PII-066 - POPULATION PHARMACOKINETICS AND EXPOSURE-RESPONSE ANALYSES OF ZOLBETUXIMAB IN PATIENTS WITH LOCALLY ADVANCED UNRESECTABLE OR METASTATIC GASTRIC OR GASTROESOPHAGEAL JUNCTION ADENOCARCINOMA

A. Yamada¹, M. Takeuchi², K. Komatsu², P. Bonate², S. Poondru², J. Yang²; ¹Astellas Pharma, Inc, ²Astellas Pharma, Inc..

Background: Zolbetuximab is a first-in-class investigational chimeric (mouse/human) monoclonal antibody directed against the tight junction protein claudin 18.2, which is highly expressed in gastric (G), gastroesophageal junction (GEJ), and pancreatic adenocarcinoma. We report a population pharmacokinetic (PK) and exposure-response (E-R) analysis of zolbetuximab in patients with locally advanced unresectable or metastatic G/GEJ adenocarcinoma.

Methods: A population PK model for intravenous zolbetuximab was developed based on data from 8 clinical studies and used to generate individual exposure metrics for safety/efficacy E-R analyses of 3 trials (phase 2 FAST; phase 3 SPOTLIGHT, GLOW).
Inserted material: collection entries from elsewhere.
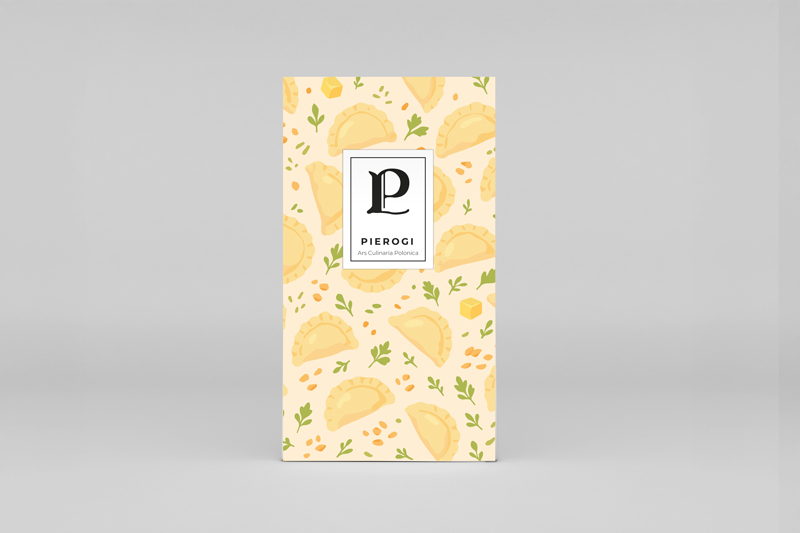 Starting a new series Ars Culinaria Polonica: a set of kitchen notebooks featuring famous dishes from traditional Polish cuisine, with the first volume dedicated to Pierogi. The cover illustration presents classic pierogi dumplings with a potato filling, butter, and toppings. Inside each notebook, there is a short description highlighting this well-known Polish dish. On the front, we use Lombard Initials designed by Aleksander Augezdecky in 1557 in Szamotuły, Poland. The letter P stands for Pierogi.
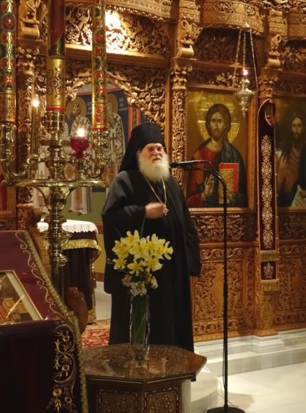 Ο Γέροντας στον λόγο του απευθυνόμενος προς την Αδελφότητα και τους προσκυνητές αναφέρθηκε στο πρόσωπο της Κυρίας Θεοτόκου και στον σύνδεσμο των πιστών με την Παναγία, ως μεσίτρια προς τον Κύριο. Η Παναγία, σημείωσε ο Γέροντας, με όσα έζησε, με κορυφαίο γεγονός την Σταυρική θυσία του Κυρίου μας, καθώς ανθρωπίνως πόνεσε βλέποντας τον Υιό της επί του Σταυρού, καθίσταται πρότυπο υπομονής στον πόνο και την δοκιμασία για κάθε πιστό Χριστιανό.
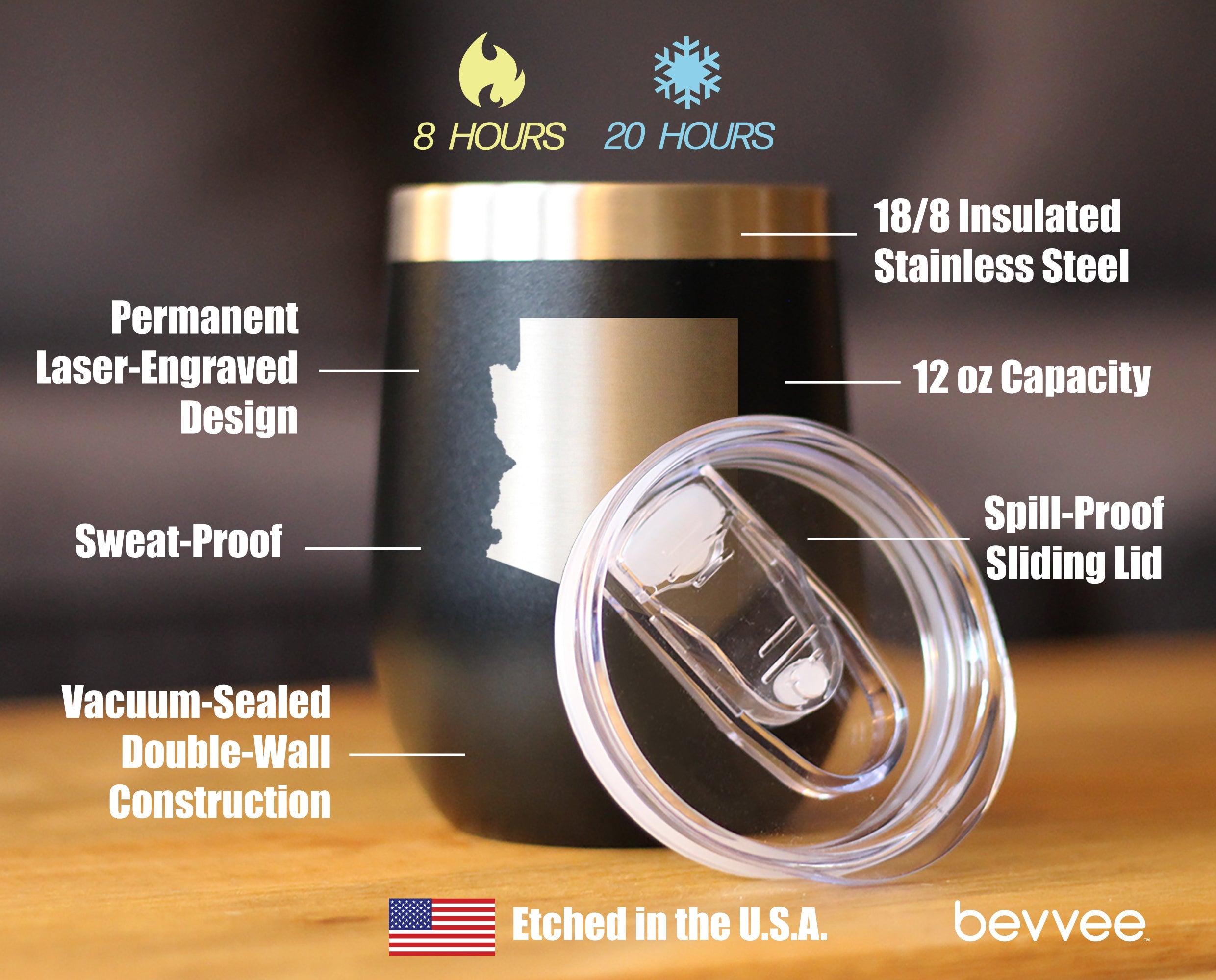Our 12oz. stemless wine tumblers with sliding lids feature stainless steel double-wall construction, vacuum insulated for 2X cold and heat retention compared to glass or plastic containers! Etched in America.
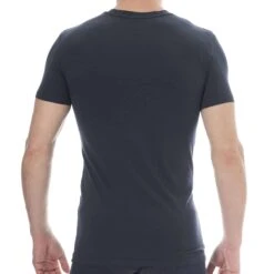 T-shirt en coton bio extensible, trÚs doux et confortable. Manches courtes et col rond. Grand logo Emporio Armani de couleur contrastée au milieu de la poitrine.
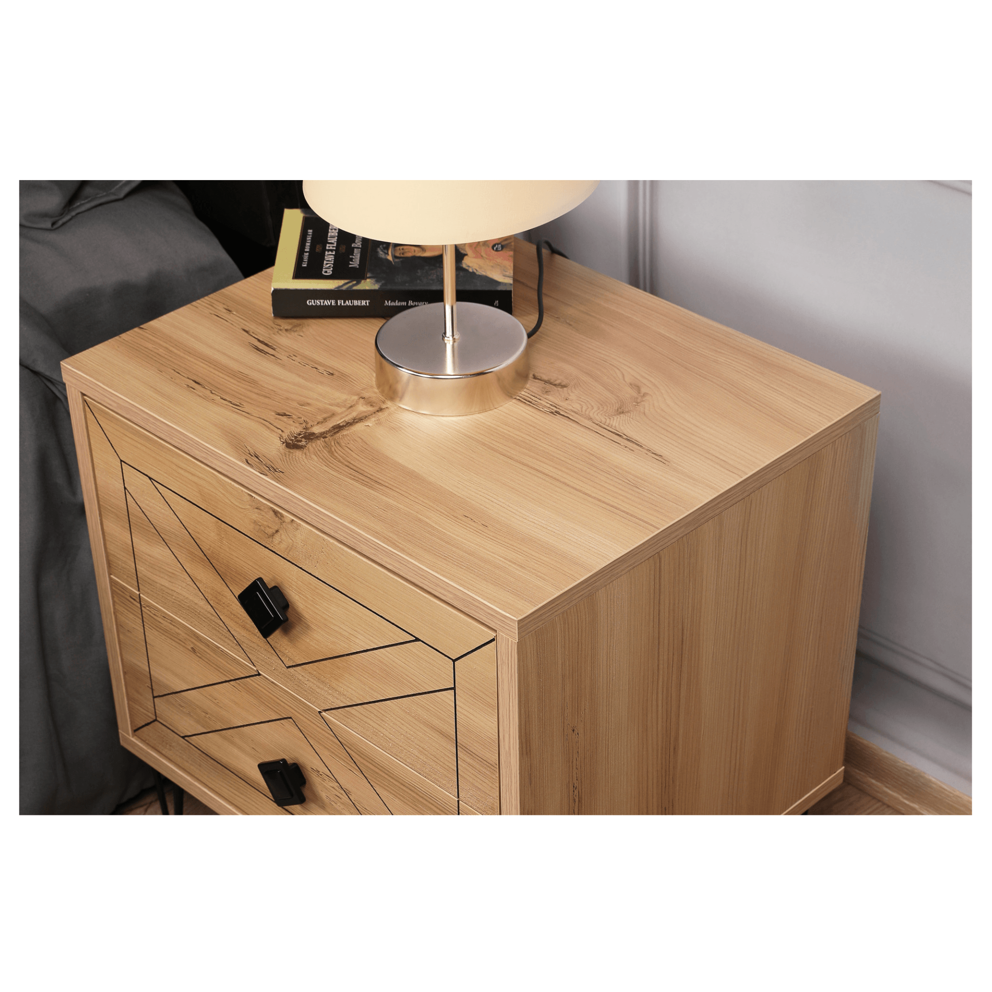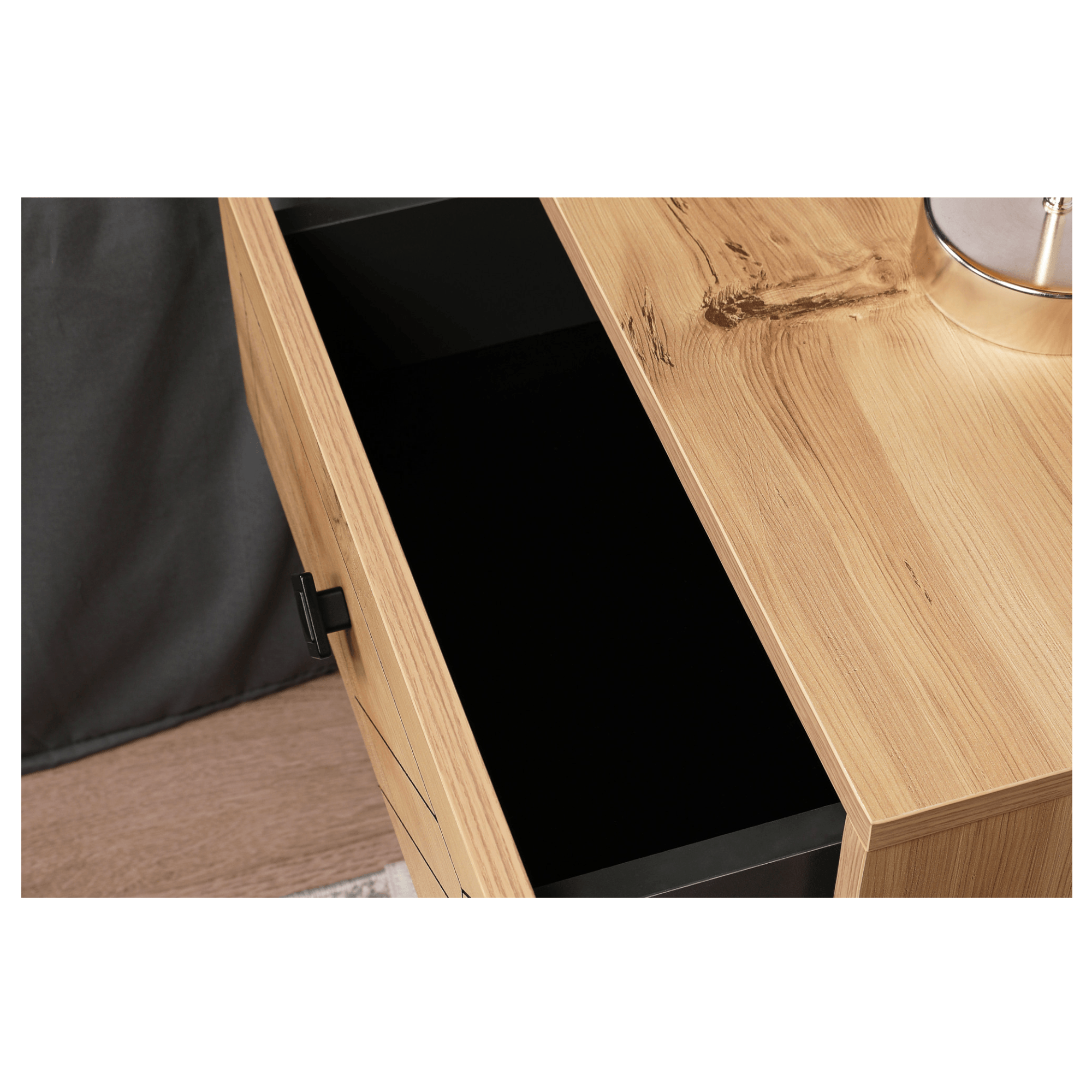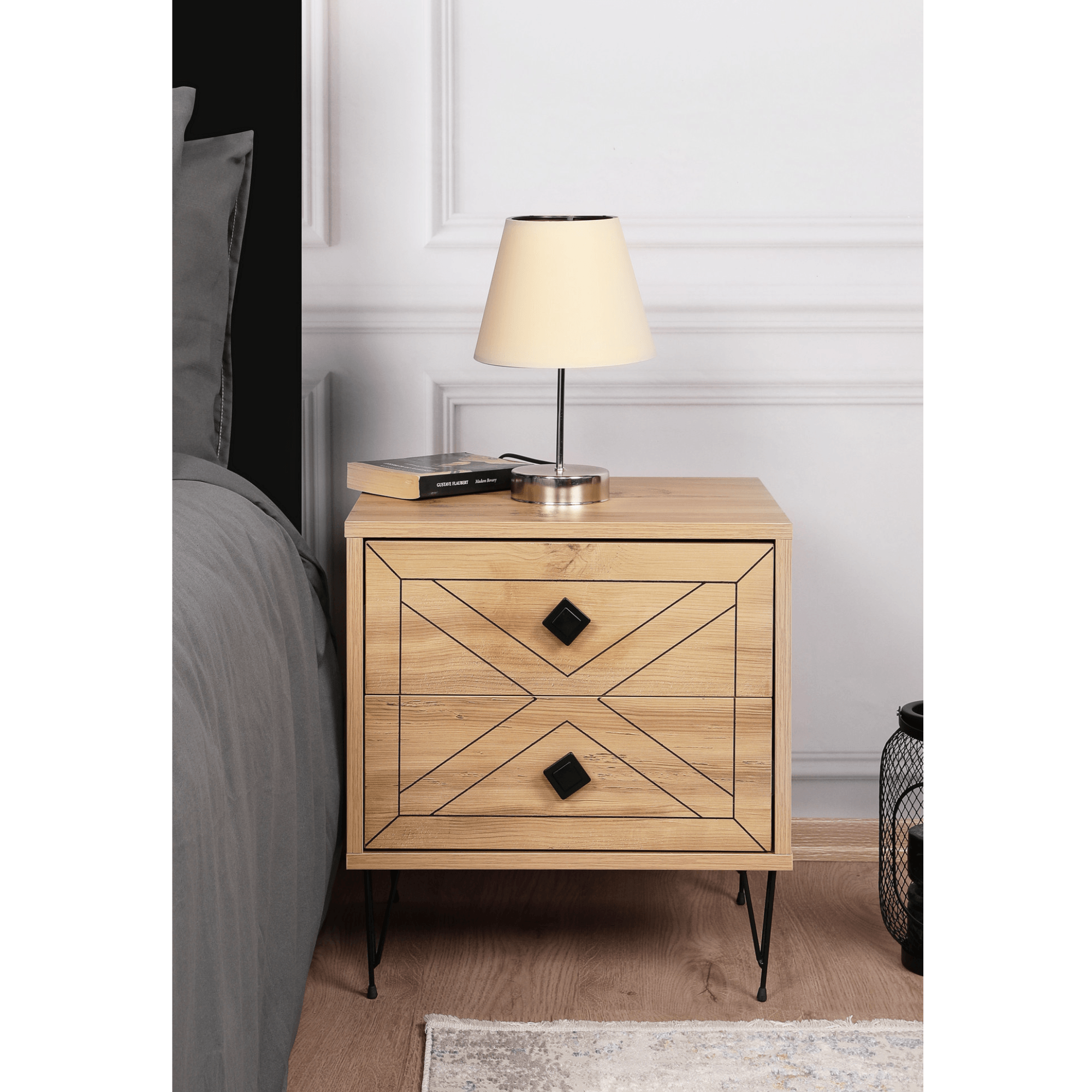 Součástí stolku jsou 2 zásuvky poskytující dostatek prostoru pro uložení všech nezbytností. Prostorné šuplíky doplňují kulaté kontrastní úchytky, které zajišťují snadnější manipulaci a přední plochy jsou zdobeny zajímavým designem. Díky vrchní odkládací desce už nebudete muset večer vstávat z postele kvůli odložení mobilního telefonu, knihy, brýlí a dalších drobností. Celkový dojem doplňují štíhlé kovové nožky. Díky jeho atraktivnímu provedení ho můžete využít také jako stylový, odkládací stolek v obývacím pokoji nebo v předsíni. Stolek je vyrobený z dřevěného materiálu potaženého melaminem.

Results: A 2-compartment model with zero-order input and first-order elimination adequately characterized zolbetuximab serum concentration–time data. Estimated mean systemic clearance, steady-state volume of distribution, and elimination half-life were 0.0150 L/h, 16.4 L, and 43.6 days, respectively. There were no clinically meaningful differences in zolbetuximab exposures by ethnicity (White, Asian, Chinese, Japanese, Korean). Mild hepatic or mild/moderate renal impairment did not alter zolbetuximab PK. Gastrectomy increased average zolbetuximab concentration by 36% vs no gastrectomy. Statistically significant relationships were noted between average zolbetuximab concentration and survival/response outcomes after controlling for other relevant covariates. Participants with higher zolbetuximab exposures tended to have longer progression-free survival and overall survival than those with lower exposures. Maximum concentration after first dose was significantly associated with gastrointestinal adverse events and infusion-related reactions. The phase 3 dose regimen of 800/600 mg/m2 every 3 weeks (Q3W) was supported by efficacy and safety data; an alternate regimen of 800/400 mg/m2 every 2 weeks (Q2W) was predicted to have similar efficacy and safety regardless of body size. Variability in drug exposure and efficacy/safety of fixed dosing regimens (Q3W or Q2W) was expected to be larger than that for body surface area–normalized dosing.

Conclusion: The population PK of zolbetuximab has been well characterized. E-R analyses support 800/600 mg/m2 Q3W or 800/400 mg/m2 Q2W regimens.